Nothing but the lines from the one with "色谱级(HPLC)级溶剂特别保证 -高纯度 -平滑的紫外吸收曲线" through the last line of the entries below should appear in the copy, please, and no pictures.

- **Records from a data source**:
####

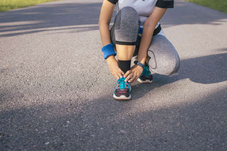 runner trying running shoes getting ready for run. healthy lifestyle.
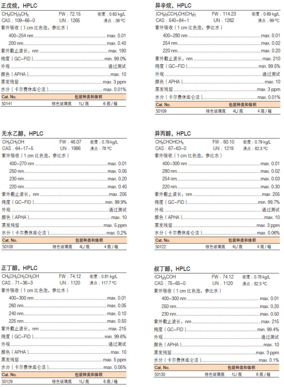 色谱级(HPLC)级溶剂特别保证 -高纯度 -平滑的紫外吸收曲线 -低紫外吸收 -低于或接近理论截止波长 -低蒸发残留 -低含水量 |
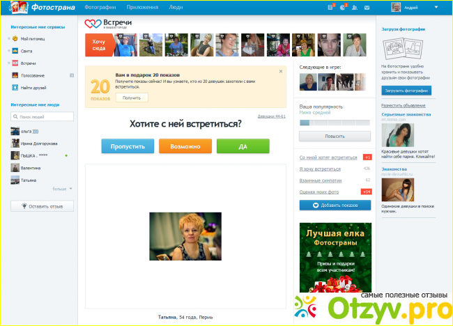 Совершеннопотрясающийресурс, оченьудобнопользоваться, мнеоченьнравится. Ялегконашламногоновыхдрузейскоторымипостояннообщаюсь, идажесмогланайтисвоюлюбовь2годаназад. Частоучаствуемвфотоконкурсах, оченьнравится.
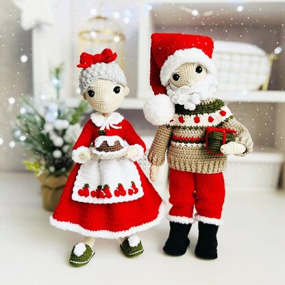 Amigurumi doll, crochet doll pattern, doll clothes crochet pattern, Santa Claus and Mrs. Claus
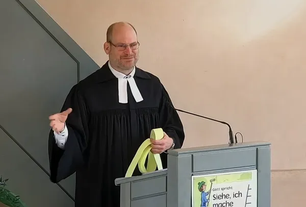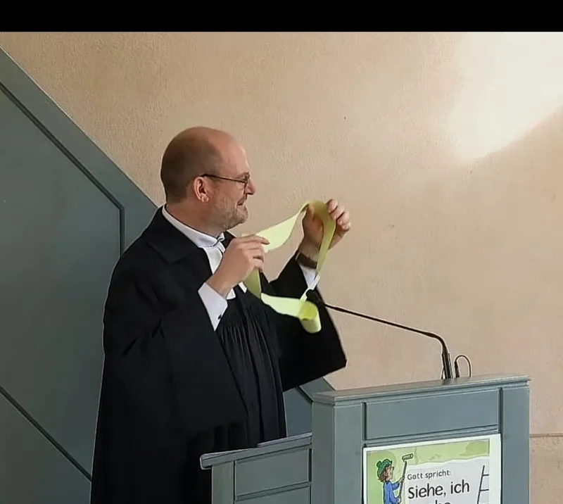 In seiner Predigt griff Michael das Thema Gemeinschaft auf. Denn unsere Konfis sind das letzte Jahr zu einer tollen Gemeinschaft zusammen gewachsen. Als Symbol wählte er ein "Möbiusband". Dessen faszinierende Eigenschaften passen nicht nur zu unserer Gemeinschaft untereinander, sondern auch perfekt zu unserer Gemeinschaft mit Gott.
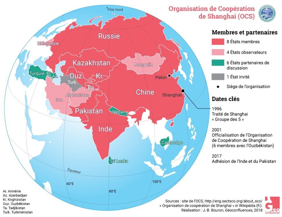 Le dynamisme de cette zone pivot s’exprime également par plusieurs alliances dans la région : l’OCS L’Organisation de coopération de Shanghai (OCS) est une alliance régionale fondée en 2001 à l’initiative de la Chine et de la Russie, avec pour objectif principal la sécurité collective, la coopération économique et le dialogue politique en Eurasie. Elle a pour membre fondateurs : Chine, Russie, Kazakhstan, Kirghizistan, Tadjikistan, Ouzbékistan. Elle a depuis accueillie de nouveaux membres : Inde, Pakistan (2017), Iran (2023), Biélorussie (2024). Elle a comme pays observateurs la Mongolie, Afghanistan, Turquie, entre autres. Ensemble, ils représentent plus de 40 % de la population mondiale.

####

- **Written solution**:
 色谱级(HPLC)级溶剂特别保证 -高纯度 -平滑的紫外吸收曲线 -低紫外吸收 -低于或接近理论截止波长 -低蒸发残留 -低含水量 |
 Совершеннопотрясающийресурс, оченьудобнопользоваться, мнеоченьнравится. Ялегконашламногоновыхдрузейскоторымипостояннообщаюсь, идажесмогланайтисвоюлюбовь2годаназад. Частоучаствуемвфотоконкурсах, оченьнравится.
 Amigurumi doll, crochet doll pattern, doll clothes crochet pattern, Santa Claus and Mrs. Claus
 In seiner Predigt griff Michael das Thema Gemeinschaft auf. Denn unsere Konfis sind das letzte Jahr zu einer tollen Gemeinschaft zusammen gewachsen. Als Symbol wählte er ein "Möbiusband". Dessen faszinierende Eigenschaften passen nicht nur zu unserer Gemeinschaft untereinander, sondern auch perfekt zu unserer Gemeinschaft mit Gott.
 Le dynamisme de cette zone pivot s’exprime également par plusieurs alliances dans la région : l’OCS L’Organisation de coopération de Shanghai (OCS) est une alliance régionale fondée en 2001 à l’initiative de la Chine et de la Russie, avec pour objectif principal la sécurité collective, la coopération économique et le dialogue politique en Eurasie. Elle a pour membre fondateurs : Chine, Russie, Kazakhstan, Kirghizistan, Tadjikistan, Ouzbékistan. Elle a depuis accueillie de nouveaux membres : Inde, Pakistan (2017), Iran (2023), Biélorussie (2024). Elle a comme pays observateurs la Mongolie, Afghanistan, Turquie, entre autres. Ensemble, ils représentent plus de 40 % de la population mondiale.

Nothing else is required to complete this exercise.